DATA PROVIDED:
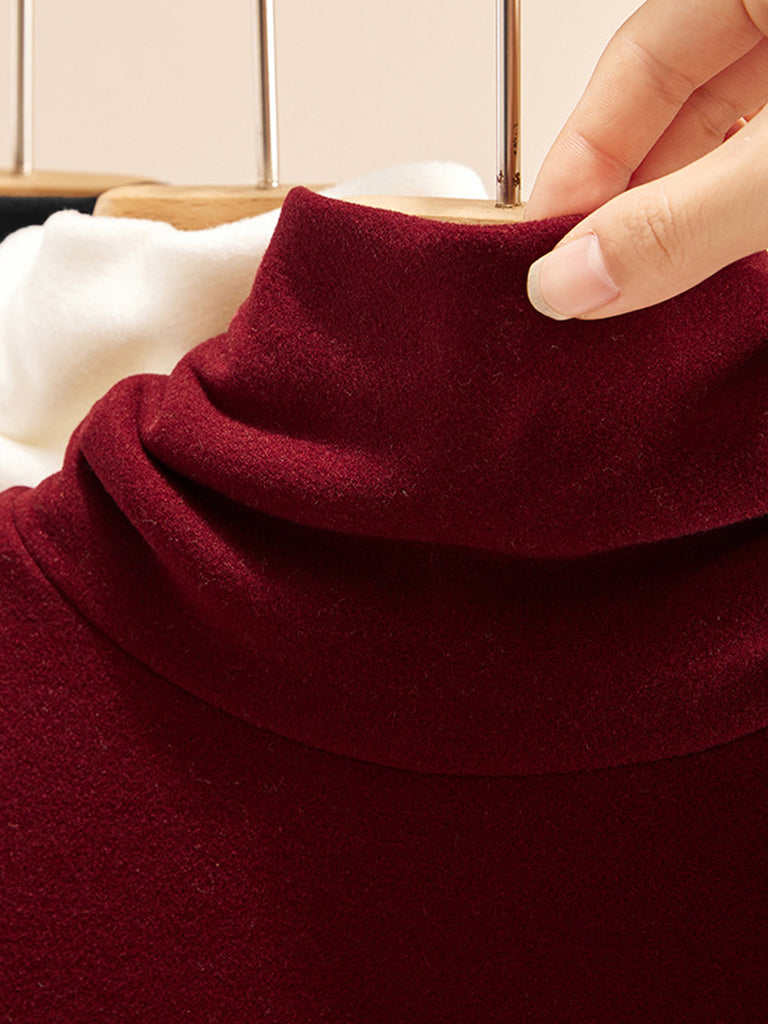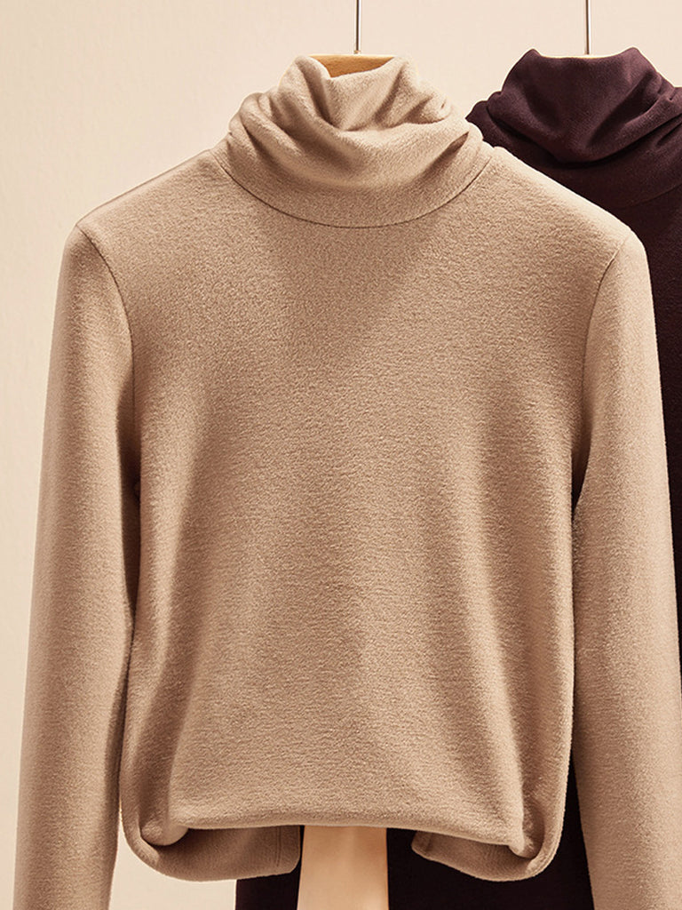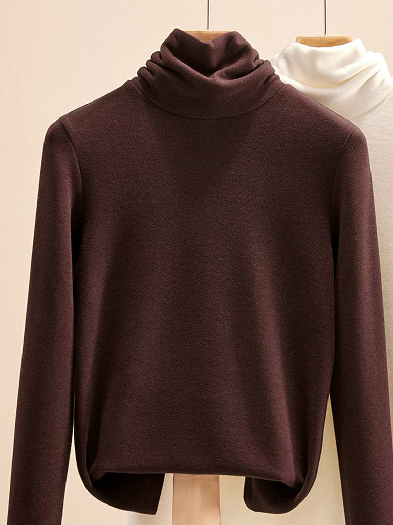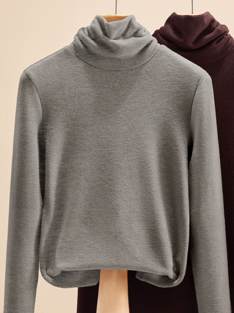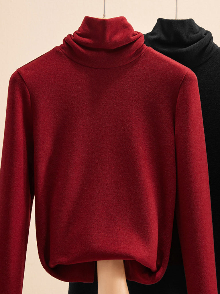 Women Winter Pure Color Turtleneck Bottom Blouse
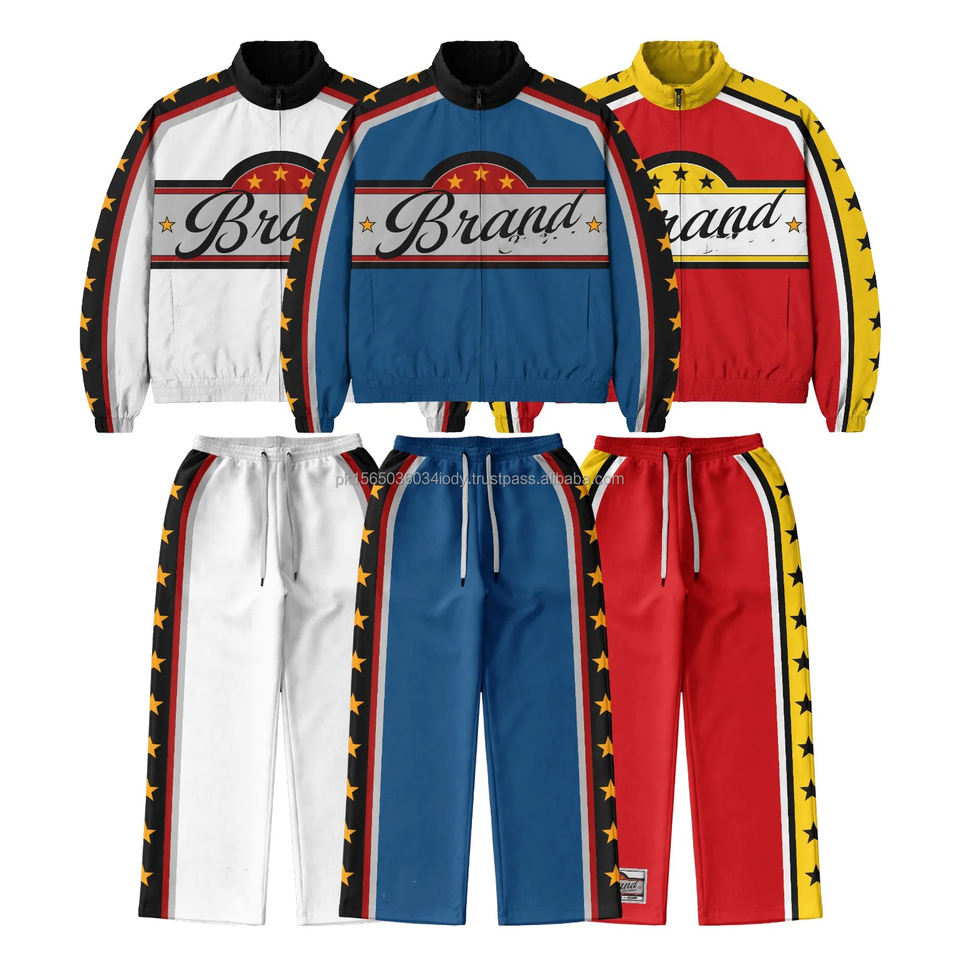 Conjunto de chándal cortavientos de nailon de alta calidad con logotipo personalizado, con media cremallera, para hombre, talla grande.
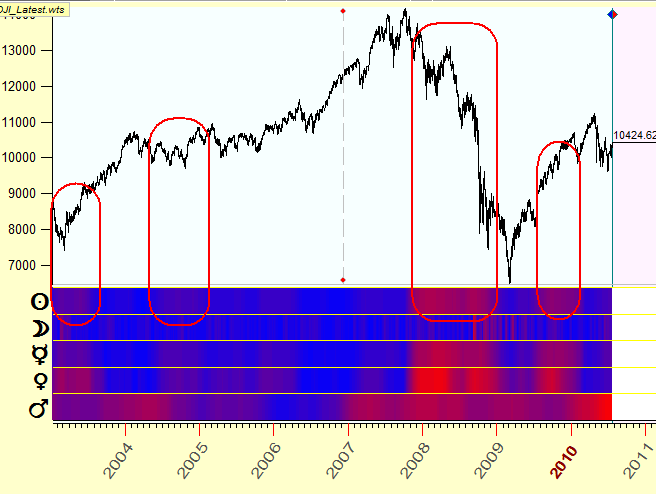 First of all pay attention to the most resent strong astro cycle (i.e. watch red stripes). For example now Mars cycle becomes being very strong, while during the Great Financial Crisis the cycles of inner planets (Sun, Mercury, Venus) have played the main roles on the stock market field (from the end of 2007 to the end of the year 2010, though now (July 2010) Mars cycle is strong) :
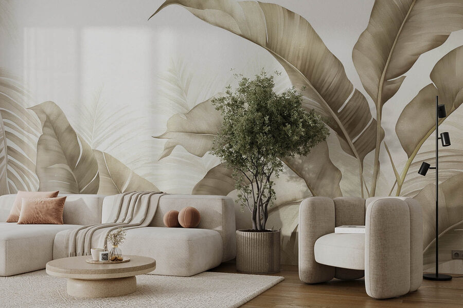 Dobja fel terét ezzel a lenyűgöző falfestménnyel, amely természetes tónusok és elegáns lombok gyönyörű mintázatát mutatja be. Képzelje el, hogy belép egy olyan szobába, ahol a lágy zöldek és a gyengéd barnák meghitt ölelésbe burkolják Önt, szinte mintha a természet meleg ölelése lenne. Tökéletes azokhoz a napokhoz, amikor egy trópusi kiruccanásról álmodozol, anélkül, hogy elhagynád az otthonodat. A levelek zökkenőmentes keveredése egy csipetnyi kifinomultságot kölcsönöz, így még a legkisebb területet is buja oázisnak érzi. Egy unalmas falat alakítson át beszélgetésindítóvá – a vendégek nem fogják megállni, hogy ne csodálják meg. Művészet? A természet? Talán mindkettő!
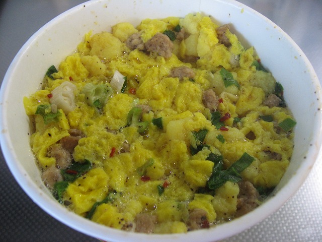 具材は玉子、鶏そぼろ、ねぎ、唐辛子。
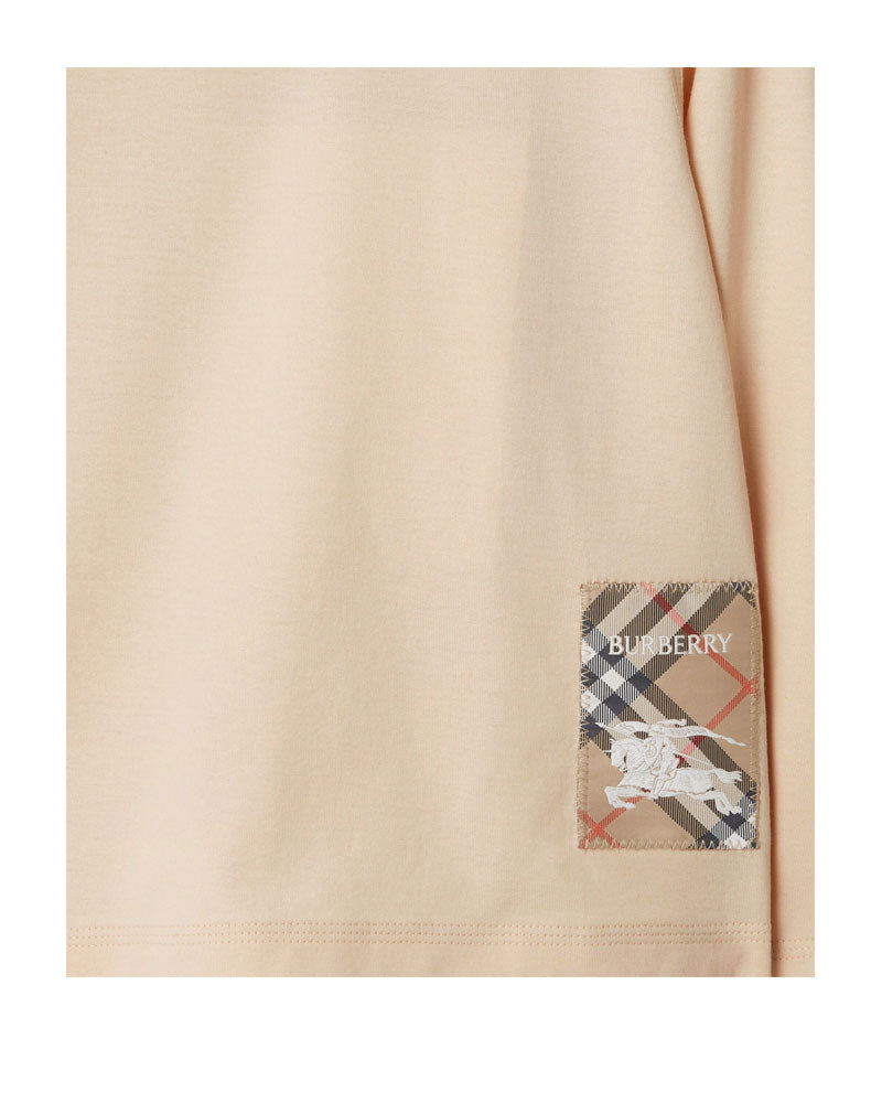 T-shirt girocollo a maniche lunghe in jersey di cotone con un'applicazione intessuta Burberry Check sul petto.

TASK STATEMENT:
Pick up at the line that holds "具材は玉子、鶏そぼろ、ねぎ、唐辛子。" and restate each line, word for word, through the last line of the entries. Include both end lines but none of the pictures.

SOLUTION TO THE EXERCISE:
 具材は玉子、鶏そぼろ、ねぎ、唐辛子。
 T-shirt girocollo a maniche lunghe in jersey di cotone con un'applicazione intessuta Burberry Check sul petto.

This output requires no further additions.